Il but à longs traits. Sa soif était ardente.
Quand il eut fini, le misérable allongea ses lèvres noires, sans doute pour baiser la belle main qui venait de l’assister. Mais la jeune fille, qui n’était pas sans défiance peut-être et se souvenait de la violente tentative de la nuit, retira sa main avec le geste effrayé d’un enfant qui craint d’être mordu par une bête.
Alors le pauvre sourd fixa sur elle un regard plein de reproche et d’une tristesse inexprimable.
C’eût été partout un spectacle touchant que cette belle fille, fraîche, pure, charmante, et si faible en même temps, ainsi pieusement accourue au secours de tant de misère, de difformité et de méchanceté. Sur un pilori, ce spectacle était sublime.
Tout ce peuple lui-même en fut saisi et se mit à battre des mains en criant: « Noël! Noël! »

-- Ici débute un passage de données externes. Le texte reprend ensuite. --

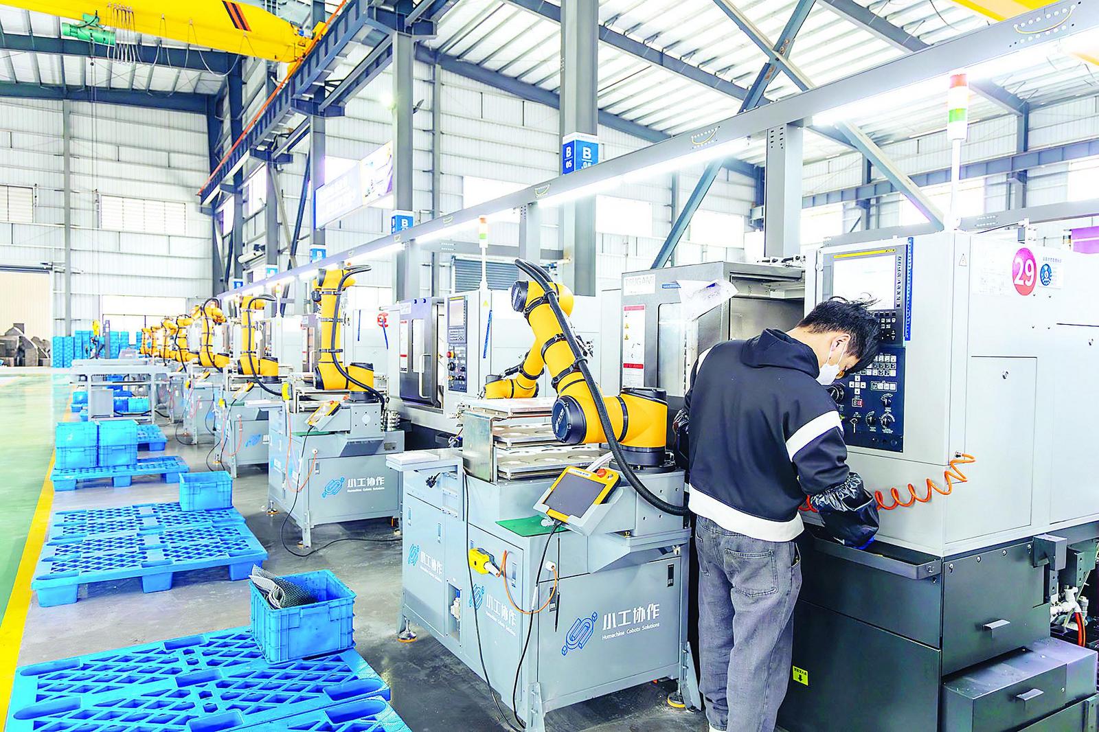 现代化智能制造车间内,机械臂与数控机床协同作业,工人正在操作数控设备调试生产参数。

C’est dans ce moment que la recluse aperçut, de la lucarne de son trou, l’égyptienne sur le pilori et lui jeta son imprécation sinistre: « Maudite sois-tu, fille d’Égypte! maudite! maudite! »
V
Fin de l’histoire de la galette
La Esmeralda pâlit, et descendit du pilori en chancelant. La voix de la recluse la poursuivit encore: « Descends! descends! larronnesse d’Égypte, tu y remonteras! – La sachette est dans ses lubies », dit le peuple en murmurant; et il n’en fut rien de plus. Car ces sortes de femmes étaient redoutées, ce qui les faisait sacrées. On ne s’attaquait pas volontiers alors à qui priait jour et nuit. L’heure était venue de remmener Quasimodo. On le détacha, et la foule se dispersa. Près du Grand-Pont, Mahiette, qui s’en revenait avec ses deux compagnes, s’arrêta brusquement: « À propos, Eustache! qu’as-tu fait de la galette? – Mère, dit l’enfant, pendant que vous parliez avec cette dame qui était dans le trou, il y avait un gros chien qui a mordu dans ma galette. Alors j’en ai mangé aussi. – Comment, monsieur, reprit-elle, vous avez tout mangé? – Mère, c’est le chien. Je lui ai dit, il ne m’a pas écouté. Alors j’ai mordu aussi, tiens! – C’est un enfant terrible, dit la mère souriant et grondant à la fois. Voyez-vous, Oudarde, il mange déjà à lui seul tout le cerisier de notre clos de Charlerange. Aussi son grand-père dit que ce sera un capitaine. – Que je vous y reprenne, monsieur Eustache. – Va, gros lion! »
I
Du danger de confier son secret à une chèvre
Plusieurs semaines s’étaient écoulées. On était aux premiers jours de mars.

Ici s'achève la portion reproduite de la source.